The new product classification is broken down into four main sectors: protected, non-protected, growth and income. These codes are intended as a reference guide to help advisers and investors understand what the different types of product are and their key features.
“This is one of a number of projects the UKSPA had for 2014 and is part of a wider programme of work to promote transparency and education within the UK structured products market,” Zak de Mariveles, chairman of the UKSPA, told SRP. “The idea behind this development is to provide uniformity in the product nomenclature across the UK and indeed Europe, having taken Eusipa’s product classification as the starting point to define the different payoff types available in the market, making changes and additions where required to make it appropriate to the UK retail market.”
According to the UKSPA, structured products can be a useful addition to investors’ portfolios and there are a range of different products available to UK retail investors to help them achieve this but currently no standard naming convention. “Often, the same type of product will be marketed under a different name by different providers,” it said.
According to de Mariveles, the new system will allow investors to create a clear standardised classification and a transparent system to compare the different structured investment solutions available within each sector.

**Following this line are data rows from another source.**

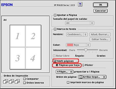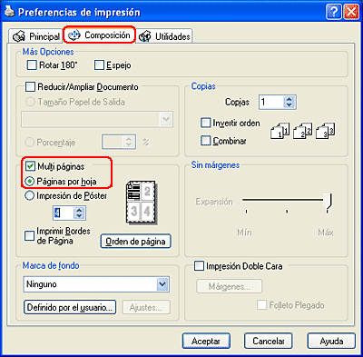 Seleccione la casilla de verificación Multi páginas en el cuadro de diálogo Disposición, y luego seleccione Páginas por hoja.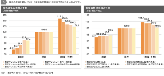 - 販売価格の実績と予想について、マンション市場・戸建て市場のいずれでも、販売価格が高いほど上昇率が高い傾向が生じている。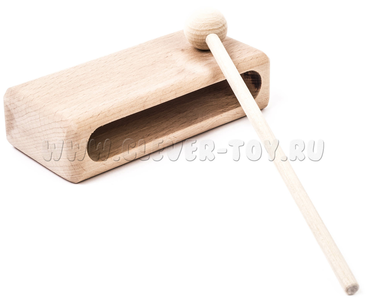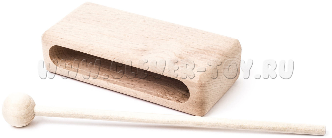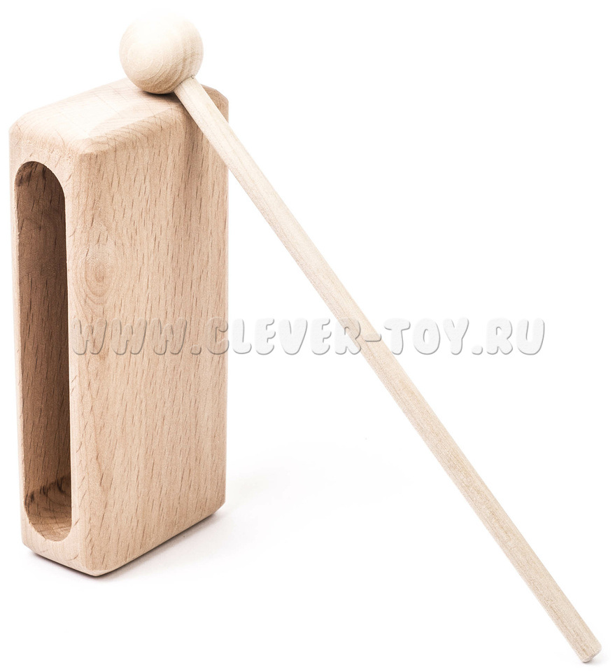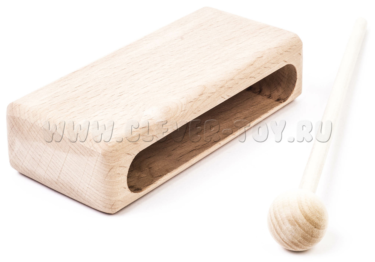 Представляет собой деревянный брус 30х50х100 мм. Музыкальный инструмент комплектуется ударной палочкой. Материал: бук.

“Members are committed to bringing transparency to the market and enhancing the understanding of structured products within the IFA and investor community, as increased awareness will help advisers and investors to make better informed decisions,” he said. “The inclusion of the product codes in our members’ product brochures is not mandatory but it is expected that providers will adopt it and include this information in their product literature.”

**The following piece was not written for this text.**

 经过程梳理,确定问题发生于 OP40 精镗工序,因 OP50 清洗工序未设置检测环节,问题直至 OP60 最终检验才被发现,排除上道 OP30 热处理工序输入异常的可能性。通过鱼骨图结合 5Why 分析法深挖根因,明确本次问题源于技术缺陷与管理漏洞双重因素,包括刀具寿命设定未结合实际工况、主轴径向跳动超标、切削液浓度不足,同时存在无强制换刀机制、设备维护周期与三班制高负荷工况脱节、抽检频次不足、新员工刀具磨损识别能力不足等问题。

The UKSPA also said each product code includes an overview of the typical investor profile and a graphical representation of the payout profile, which will be included on the association’s members’ product brochures.
“This is part of a series of initiatives the UKSPA is working on,” said de Mariveles. “Future developments for example include providing regular historical performance data on the various product types available within the UK. In addition, we are also looking at providing a UKSPA risk rating to allow professional advisers to compare products not just by product profile but also specific risk profiles.”
De Mariveles also said that this initiative is a work in progress but that the association is in the later stages of development.
“We expect to be able to provide this function to the adviser community in the first quarter of 2015,” he said.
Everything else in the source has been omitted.